A Copper Beech Tree Planted by Theodore Roosevelt Is Being Cut Down

But it will not disappear from Sagamore Hill, the president’s beloved family estate

tree removal
The Cooper beech tree during its removal at Sagamore Hill. Tweed Roosevelt - Theodore Roosevelt Association

Theodore Roosevelt was fascinated by the natural world. While in the Oval Office, he made it his mission to protect the country’s wildlife and natural landscapes, establishing 150 national forests, 51 federal bird reserves, four national game preserves and five national parks. To this day, he is known as the “conservationist president.” And when it came time to choose a family home, Roosevelt settled on a patch of farmland in Cove Neck, Long Island, where he taught his children to boat, ride horses, hunt animals and care for them.

In the 1890s, several years before he became president, Roosevelt planted a copper beech tree at the entrance to Sagamore Hill, as the family estate is known. The tree grew tall and stood watch over the house long after the 26th president died there in 1919. But now the beech, once a flourishing testament to its original owner's love for the outdoors, has grown old and sick. And as Ted Phillips reports for Newsday, it is being cut down.

Afflicted by fungus, the tree had been posing a danger to both the home and its visitors, necessitating its removal. First, the limbs were sawed off. The trunk is scheduled to be cut down today.

“If you look at pictures of[Roosevelt many of them have him … in front of the house and there’s the tree, smaller of course,” Tweed Roosevelt, the president’s great-grandson and chief executive of the Theodore Roosevelt Association, tells Phillips. “It’s very sad. It was kind of almost like the ghost of the house or the guardian angel of the house.”

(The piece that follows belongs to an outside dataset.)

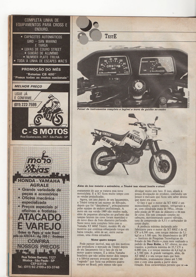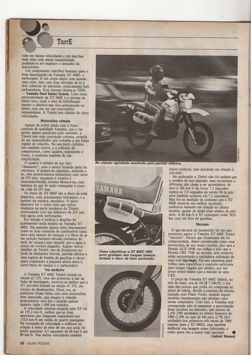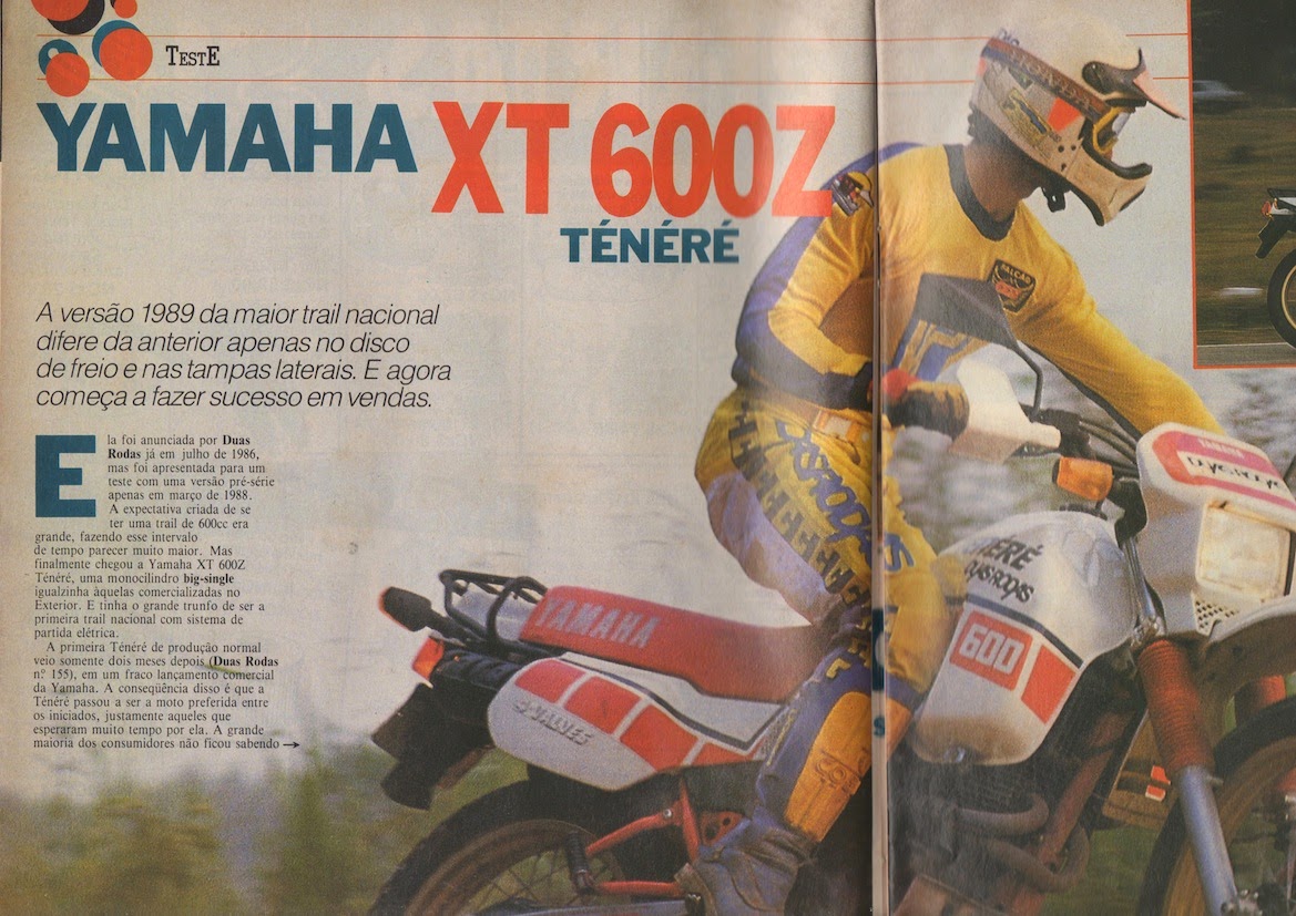 Em 1989 a sonhada e desejada Yamaha XT600Z Ténéré já completava seu primeiro ano de mercado e era apresentada em nova versão, com mínimas diferenças em relação ao modelo 1988: discretas mudanças no grafismo (sem alteração de cores) e o disco dianteiro de freio que passou de sólido a perfurado (ventilado).

Roosevelt purchased the land for Sagamore Hill while in his early 20s, hoping to build a home there with his new wife, Alice Hathaway Lee. Construction began on the home in 1884, but the plans very nearly came to a halt when Alice and Roosevelt’s mother, Martha, died suddenly on the same day. The twin tragedies sent Roosevelt reeling, but he ultimately decided to continue building Sagamore Hill for the sake of his baby daughter, also named Alice, who had been born two days before her mother died of undiagnosed kidney failure.

In 1886, Roosevelt married Edith Kermit Carow, and they moved with Alice to Sagamore Hill. The couple raised six children in the 22-room house, and Roosevelt would traipse with them through the surrounding area, which he loved for its variety of habitats: woodlands, and beaches, and salt marshes and open fields.

After Roosevelt became president in 1901, he and Edith entertained many dignitaries at Sagamore Hill—“including envoys engaged in peace talks in 1905 for the Russo-Japanese War,” according to the Theodore Roosevelt Center. Sagamore Hill became known as the “summer White House,” and Roosevelt even had the estate’s piazza lengthened so he could build a podium for his speeches.

While the copper beech that Roosevelt planted will no longer stand at his beloved Sagamore Hill, its legacy will not disappear from the property. The National Park Service, which now operates Sagamore Hill, has saved saplings from the tree and will plant one of them in the same spot. The Theodore Roosevelt Association also plans to use wood from the trunk to make plaques, benches for the historic site and replicas of furniture at the house, which will then be sold to fund preservation efforts for Sagamore Hill.

“The Park Service would have ordinarily mulched it,” Tweed Roosevelt tells Newsday, “but I and the Theodore Roosevelt Association decided we could … make it useful.”

“Like [Roosevelt’s] legacy,” the president’s great-grandson notes, “this tree will live on.”